Broo@leo dan Broo@ bruce…

Banyak terimakasih atas respon anda berdua ya… Setidaknya saya mendapat wawasan dan pengetahuan baru dari anda berdua. Pasti sangat berguna sekali bagi saya, AMIN

Salam GBU

lah ini pertanyaan aneh ...masa nanya tulisan (tertulis) dari ajaran lisan (tidak tertulis).
Rupanya anda yg tidak membaca pertanyaan saya dgn baik. Siapa juga yg nanya2 perihal "tertulis"?

Makanya Perhatikan baik2 pertanyaan saya (saya tulis ulang) :

Apakah Para Rasul pernah memberitahu secara lisan daftar pengajaran lisan mereka?

(apakah di pertanyaan saya di atas tsb menyinggung2 perihal “tertulis”)

sebagaimana Katolik meminta tulisan yg berisi daftar kanon kitab yg tertulis, maka sebangun dgn pertanyaan tsb, saya minta tolong tunjukan dimana Tradisi LISAN(dari ajaran LISAN Para Rasul) yg berisi daftar kanon pengajaran LISAN Para Rasul tsb?

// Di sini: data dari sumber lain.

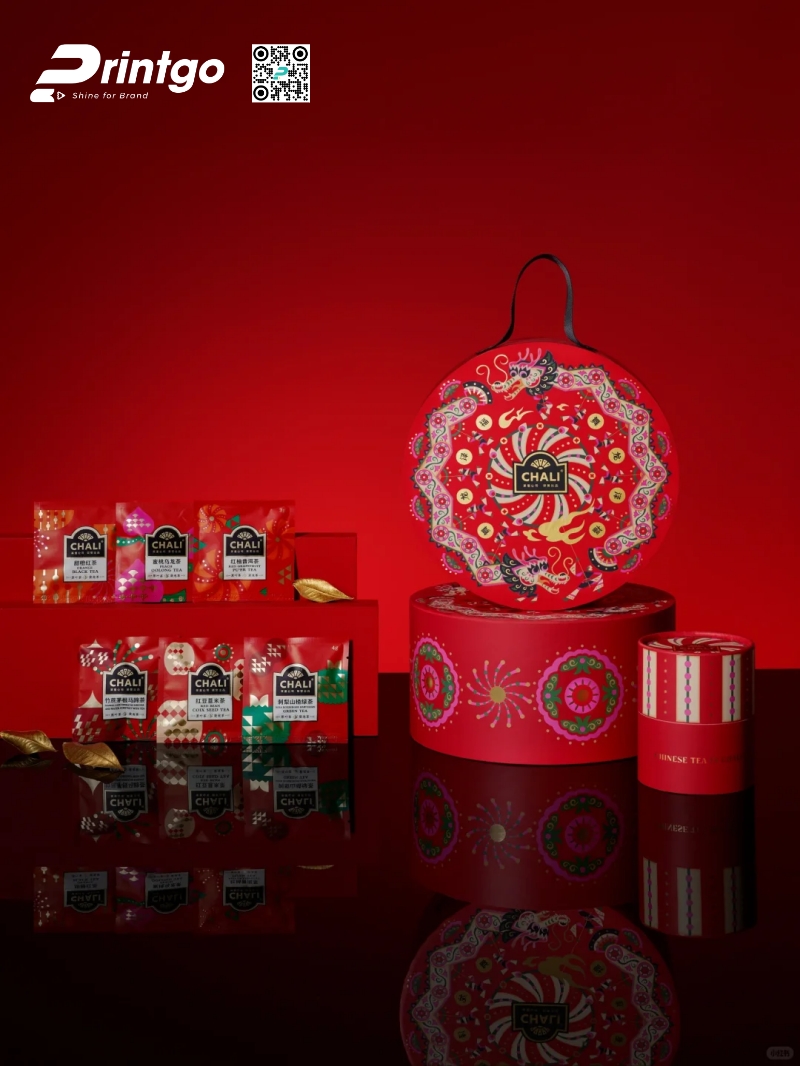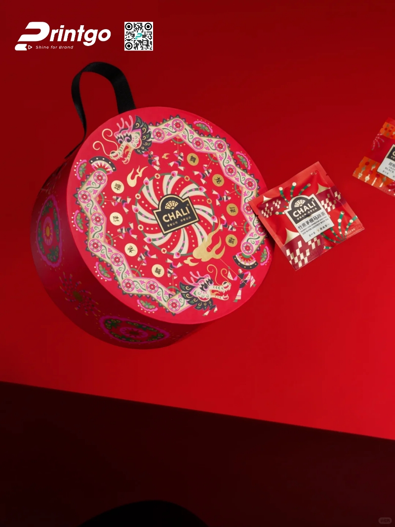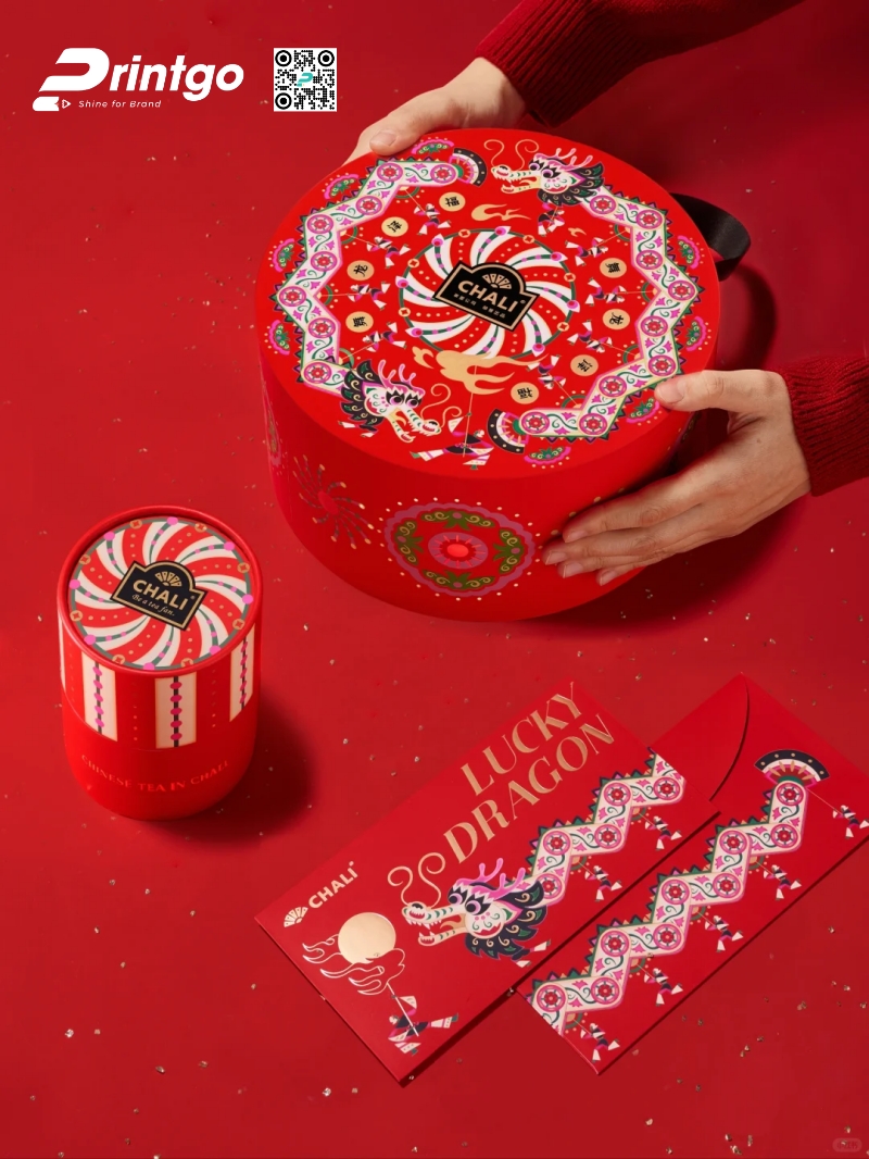 Mẫu hộp tròn đựng quà Tết được Printgo lấy cảm hứng từ hình tượng Rồng may mắn – biểu trưng cho quyền uy, thịnh vượng và năng lượng cát tường trong văn hoá Á Đông. Thiết kế sử dụng gam đỏ chủ đạo kết hợp cùng sắc vàng kim và hồng ngọc rực rỡ, gợi không khí tưng bừng, ấm áp của mùa xuân. Hình ảnh rồng uốn lượn quanh tâm hộp được xử lý theo bố cục tròn xoáy, thể hiện sự chuyển động, sinh khí và lời chúc phát đạt đầu năm. Mang hơi thở hiện đại nhưng vẫn đậm chất truyền thống, mẫu hộp là lựa chọn lý tưởng cho thương hiệu trà, bánh hoặc quà biếu cao cấp, hướng tới nhóm khách hàng trẻ trung, năng động và yêu thích thiết kế mang tinh thần lễ hội.
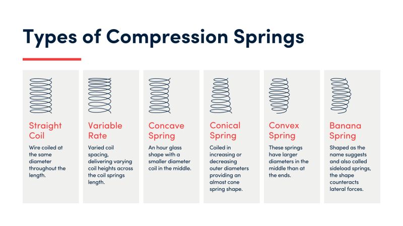 نوابض الضغط,الصلب الكربوني, الفولاذ المقاوم للصدأ, سلك البيانو, سبائك النيكل, سبائك النحاس, وما إلى ذلك وهلم جرا.
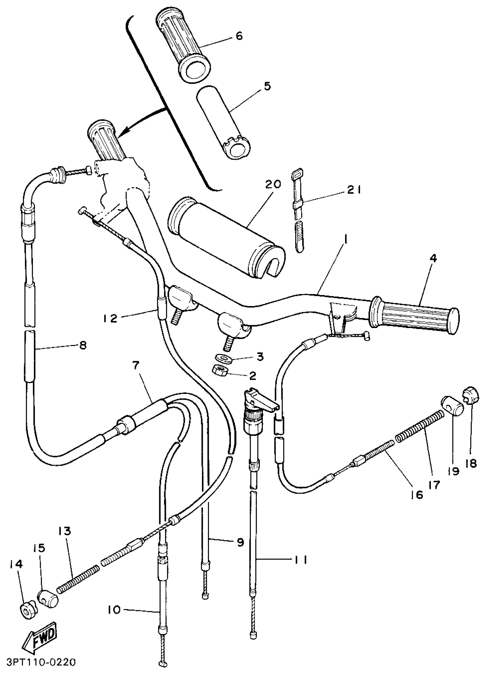 Yamaha PW50G (Y-ZINGER) 1995 STEERING HANDLE - CABLE Diagram
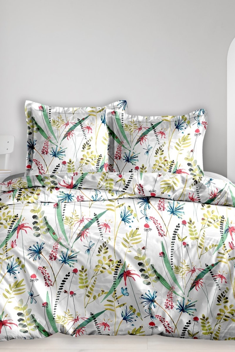 Conjunto de edredão em algodão 70 fios/cm² - Branco e verde
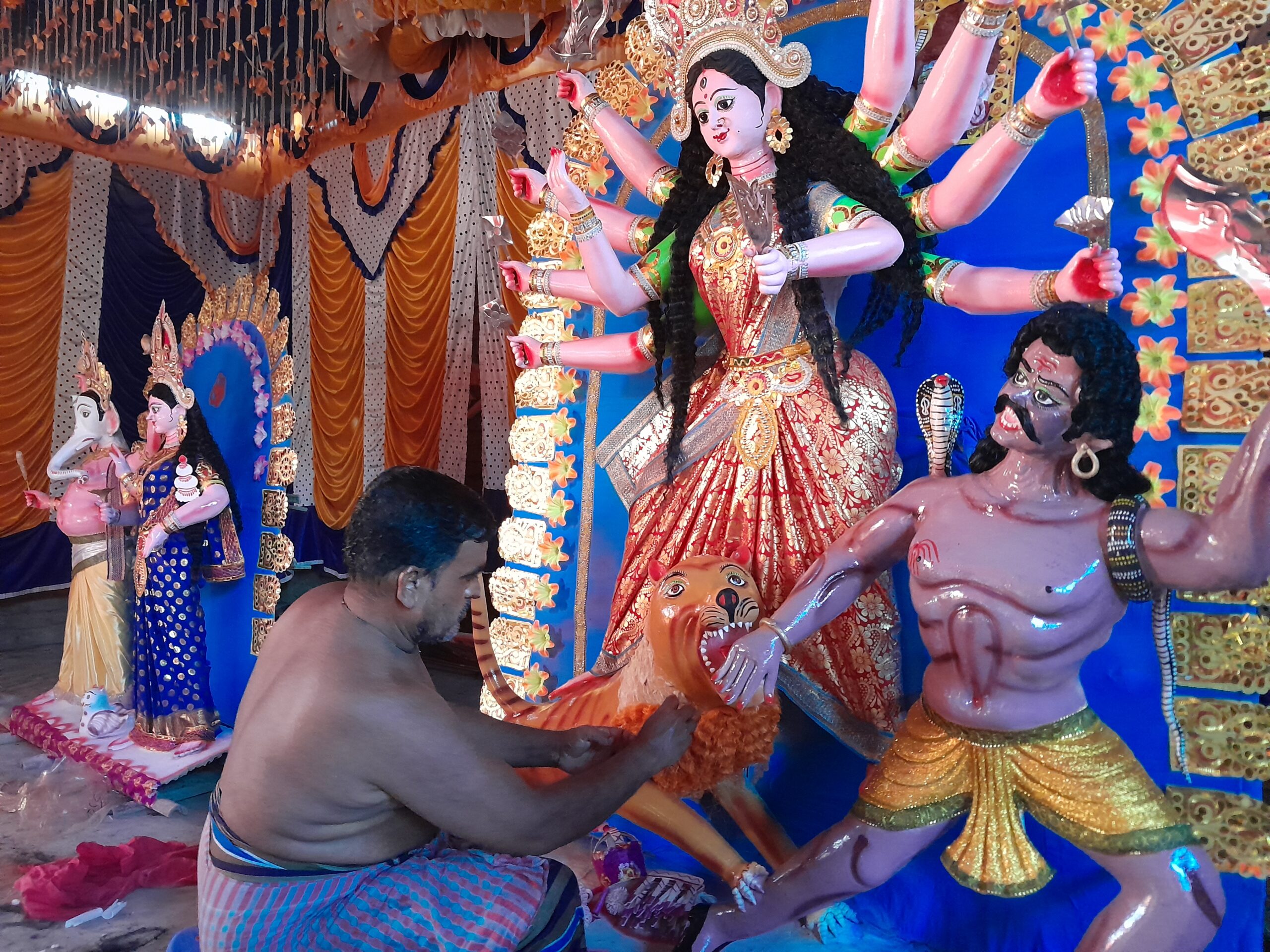 বগুড়ায় শিল্পীর রং-তুলির শেষ আঁচড়ে ফুটে উঠেছে দেবী দুর্গার রূপ: অপেক্ষা মণ্ডপে তোলার
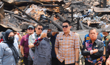 Ia berjalan menyusuri lokasi kebakaran, menyapa satu per satu pedagang, dan mendengar langsung keluhan mereka.
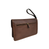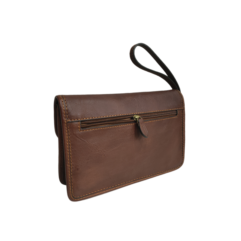 Une sacoche se tient à la main à l'aide d'une dragonne en cuir. Elle est fermée d'une serrure esthétique et performante.

Apakah Para Rasul pernah memberitahu secara lisan(memberikan Tradisi Lisan) yg berisi daftar kanon pengajaran lisan mereka?

Adakah sebuah Tradisi Lisan (dari Para Rasul) yg isi dari Tradisi LISAN tsb berisi daftar kanon Tradisi Lisan Para Rasul?

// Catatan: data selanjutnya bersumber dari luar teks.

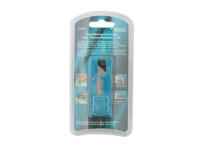 Лезвия, 19 мм, трапециевидные, пластиковый пенал, 12 шт.
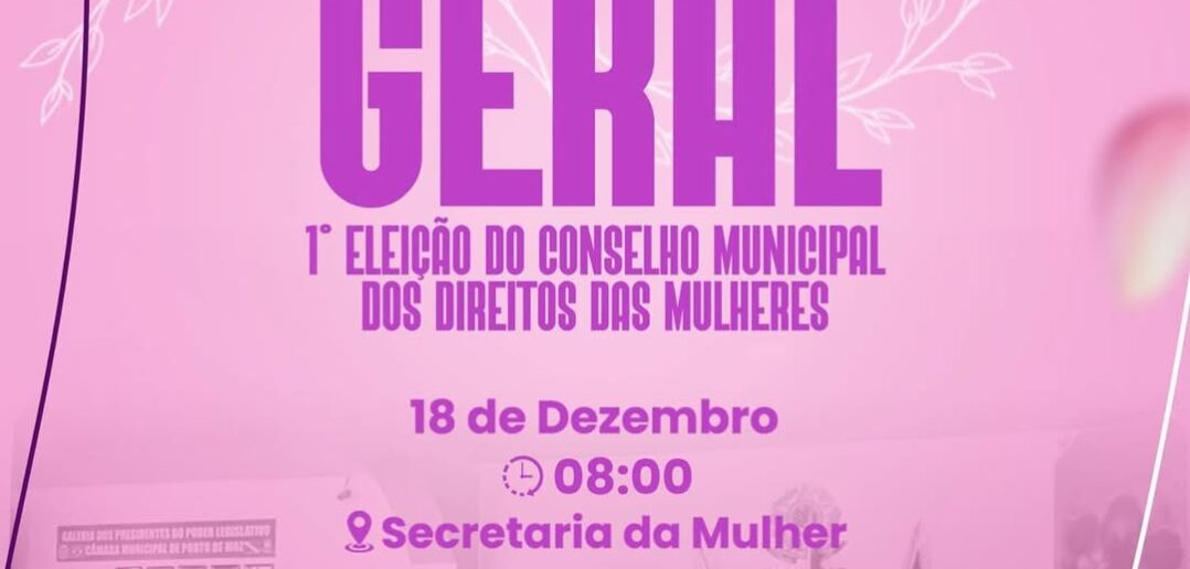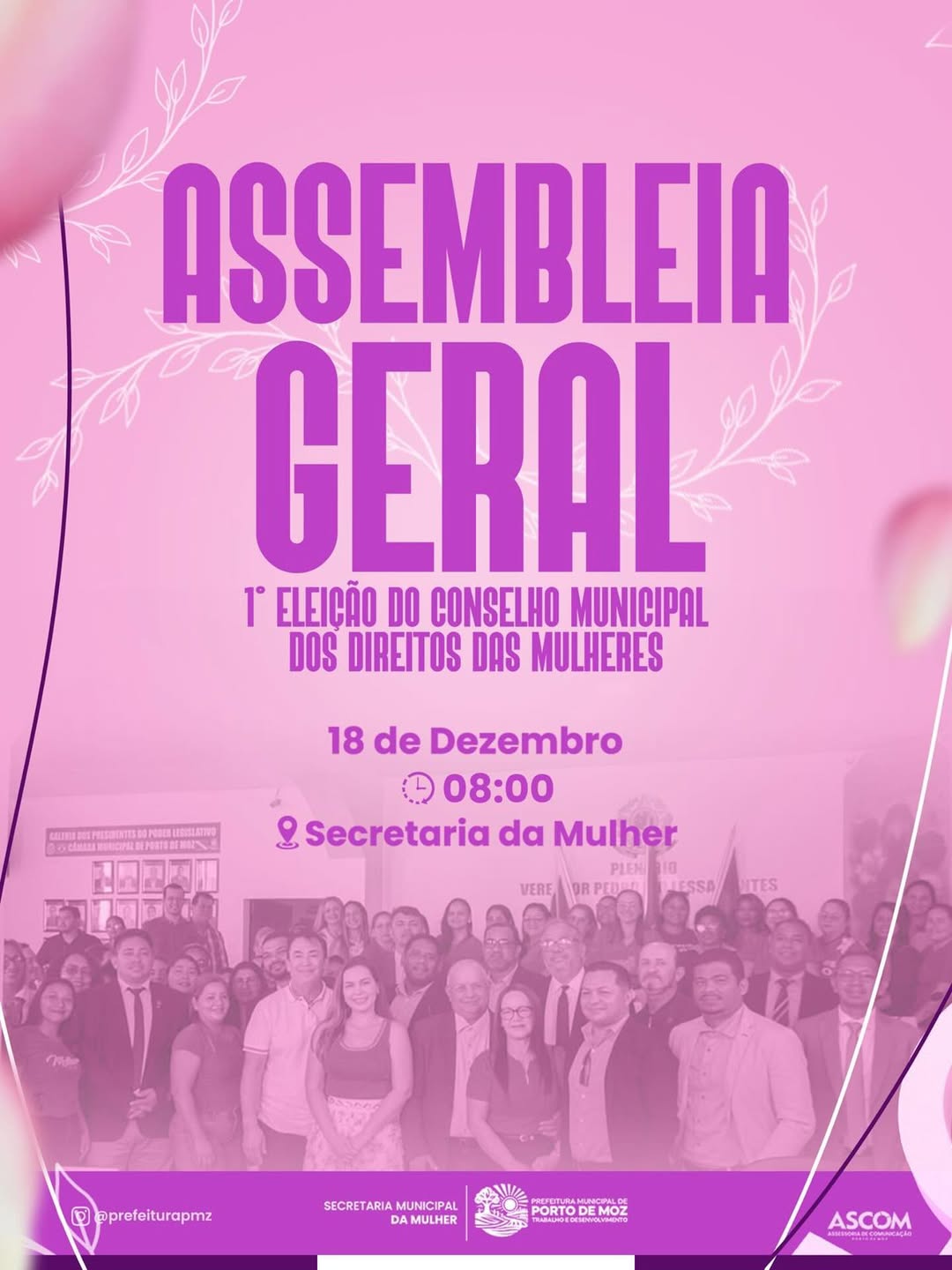 A Prefeitura Municipal de Porto de Moz, através da Secretaria Municipal da Mulher, convida toda a sociedade para participar da Assembleia Geral da 1ª Eleição do Conselho Municipal dos Direitos das Mulheres, um momento histórico de participação, cidadania e fortalecimento das políticas públicas para as mulheres do nosso município.

Pernah dengar apa yang disebut sebagai UUD Kerajaan Inggris bro? Dulu dikenal dengan nama Magna Charta. Apakah itu coba cari, ini sekedar untuk anda menambah pengetahuan saja.

Anda baca lagi pertanyaan anda biar tambah pandai ya. anda tanya apakah Rasul pernah memberitahu secara lisan(memberikan Tradisi Lisan) yg berisi daftar kanon pengajaran lisan mereka?

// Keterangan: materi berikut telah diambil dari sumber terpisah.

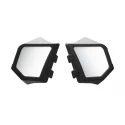 Now your hands can stay warm too with these side mirrors. These mirrors mount on the side panel to allow the use of either handguards or gauntlets and provide the rider with a clear view of the conditions behind them. So whether you're riding with buddies you can keep an eye on what's behind you and ride with confidence.
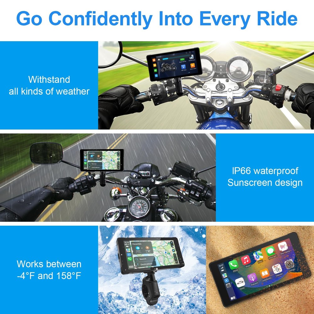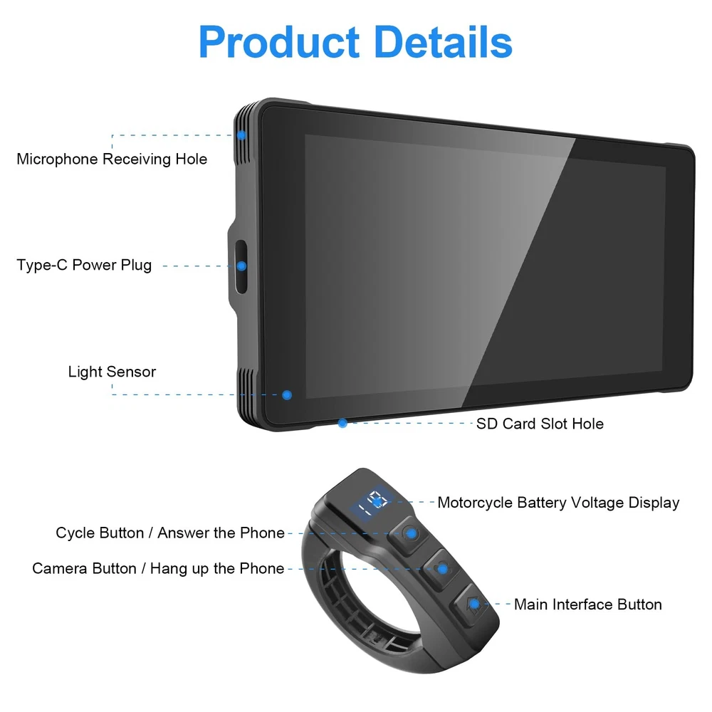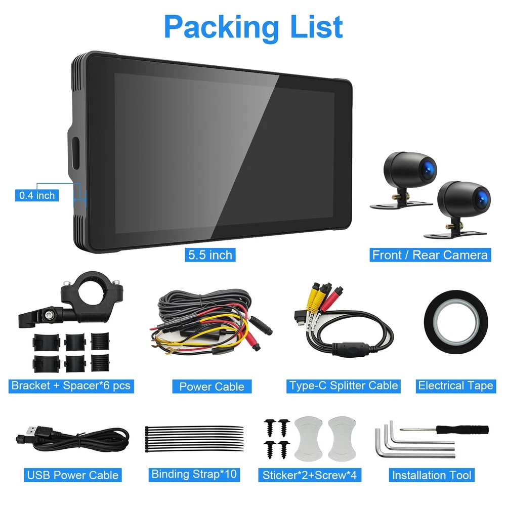 Portable Motorcycle Dash Cam, Motorcycle Wireless Apple CarPlay & Android Auto, IMX 307 Dual 1080P Dash Cam, Motorcycle DVR GPS, Digital display wire control, 5.5" Touch Screen, 128GB TF Card Wireless CarPlay & Android Auto & Voice Control portable motorcycle carplay screen supports wireless connection to CarPlay and Android Auto, and displays smartphone apps and entertainment functions on the device screen. You can freely enjoy MUSIC, NAVIGATION, CALLS, and more while driving. It can be voice-controlled through Assistant. With Siri and Google assistant, the function you want can be easily controlled. Revolutionary Dual Motorcycle Camera The front and rear cameras of the motorcycle dash cam use high-definition 7-glass lens, which improves recording performance in low brightness environments. The FHD 1080P resolution allows for 200-megapixel high-speed video recording. The WDR/HDR function can prevent video from being too dark or overexposed, automatically correcting brightness differences in nighttime and tunnel scenes, and recording vivid videos. 5.5-inch HD IPS Large Touch Screen & automatic brightness All operations can be completed on the carplay touch screen. It supports video playback with a resolution of 960 x 480, displaying vivid details that are visible even in outdoor sunlight, ensuring your comfort. It built-in automatic light-sensing chip that adjusts the screen brightness according to the environmental light, automatic brightness. Waterproof, Dustproof, & Shockproof Design Motorcycles are often exposed to environments such as sand, dirt, mud, rain, and vibration on the road, requiring higher performance in waterproof and shockproof resistance. The motorcycle GPS body and dual cameras can achieve IP66 waterproofing, allowing for worry-free use even on rainy days! Due to the added shock resistance, it can withstand continuous vibrations and rough road conditions and can be used in a variety of environments. Easy Installation, Suitable for All Motorcycles This motorcycles gps navigator comes with a mounting kit and tools. The mounting kit and screw design make it easy to install on any motorcycle, attaching it to the motorcycle's handlebars. Built-in high-sensitivity antenna enables faster positioning and more responsive interactions. What You Get stand behind our products and offer a 12-month warranty and technical support for our motorcycle GPS navigator. If you have any questions or concerns, we will give you a 100% satisfied solution within 24 hours. 【 Wireless CarPlay & Android Auto & Voice Control 】portable motorcycle carplay screen supports wireless connection to CarPlay and Android Auto, and displays smartphone apps and entertainment functions on the device screen. You can freely enjoy MUSIC, NAVIGATION, CALLS, and more while driving. It can be voice-controlled through Assistant. With Siri and Google assistant, the function you want can be easily controlled. 【Revolutionary Dual Motorcycle Camera】The front and rear cameras of the motorcycle dash cam use high-definition 7-glass lens, which improves recording performance in low brightness environments. The FHD 1080P resolution allows for 200-megapixel high-speed video recording. The WDR/HDR function can prevent video from being too dark or overexposed, automatically correcting brightness differences in nighttime and tunnel scenes, and recording vivid videos. 【 5.5-inch HD IPS Large Touch Screen & automatic brightness】All operations can be completed on the carplay touch screen. It supports video playback with a resolution of 960 x 480, displaying vivid details that are visible even in outdoor sunlight, ensuring your comfort. It built-in automatic light-sensing chip that adjusts the screen brightness according to the environmental light, automatic brightness. 【 Waterproof, Dustproof, & Shockproof Design 】Motorcycles are often exposed to environments such as sand, dirt, mud, rain, and vibration on the road, requiring higher performance in waterproof and shockproof resistance. The motorcycle GPS body and dual cameras can achieve IP66 waterproofing, allowing for worry-free use even on rainy days! Due to the added shock resistance, it can withstand continuous vibrations and rough road conditions and can be used in a variety of environments. 【 Easy Installation, Suitable for All Motorcycles 】This motorcycles gps navigator comes with a mounting kit and tools. The mounting kit and screw design make it easy to install on any motorcycle, attaching it to the motorcycle's handlebars. Built-in high-sensitivity antenna enables faster positioning and more responsive interactions. 【What You Get】stand behind our products and offer a 12-month warranty and technical support for our motorcycle GPS navigator. If you have any questions or concerns, we will give you a 100% satisfied solution within 24 hours.

Coba perhatikan kata daftar kanon, apa yang anda maksud dengan daftar kanon? silahkan perjelas dulu pertanyaan anda yang sama sekali tidak jelas itu.

:mad0261:

Sekali lagi, jangan menyamakan antara Tradisi Suci dengan tradisi/ajaran lisan.
Sudah jelas di thread yg dulu aku buat bukan, bahwa Tradisi Suci tidak bisa disamakan dengan tradisi lisan?
Tradisi Suci bisa disampaikan melalui ajaran/tradisi lisan maupun ajaran/tradisi tertulis.
Kitab Didache, sekalipun ditulis/diajarkan secara tertulis, adalah merupakan bagian dari Tradisi Suci, karena bersumber dari ajaran para rasul yg mengarahkan umat pada kekudusan dan menumbuhkan iman.

Penulis Didache memang masih anonym dan belum diketahui secara pasti siapa penulisnya.
Tapi dalam GK, Didache TIDAK dianggap sebagai pseudo apocrypha ataupun sebagai heretic, tapi justru dipegang teguh sebagai salah satu sumber kekayaan ajaran rasuliah. Buktinya, Didache dijadikan acuan dalam KGK (i.e. KGK #2760)

ADA!!!
Paulus mewarisi jabatan rasul dari Petrus, yang menjadikan Paulus memiliki kepenuhan sebagai seorang rasul.
Lukas mewarisi jabatan rasul dari Paulus, yang menjadikan Lukas memiliki kepenuhan sebagai seorang rasul.
Kalo Lukas atau rasul generasi ke-3 lainnya mewariskan jabatan rasul kepada generasi ke-4, generasi ke-4 meneruskan ke generasi ke-5, dan seterusnya sampai saat ini, apa yg membedakan kepenuhan kerasulan para pewaris jabatan itu di saat ini dengan Lukas/Paulus/Petrus?
Dalam GK, GOT, dan GOO, ada yg namanya jabatan bishop atau diaken seperti yg ditulis dalam 1 Tim 3 : 1 - 16. Dan pewaris/pemegang jabatan bishop ini memiliki kepenuhan kerasulan yg sama seperti Lukas, Paulus, maupun para rasul generasi pertama.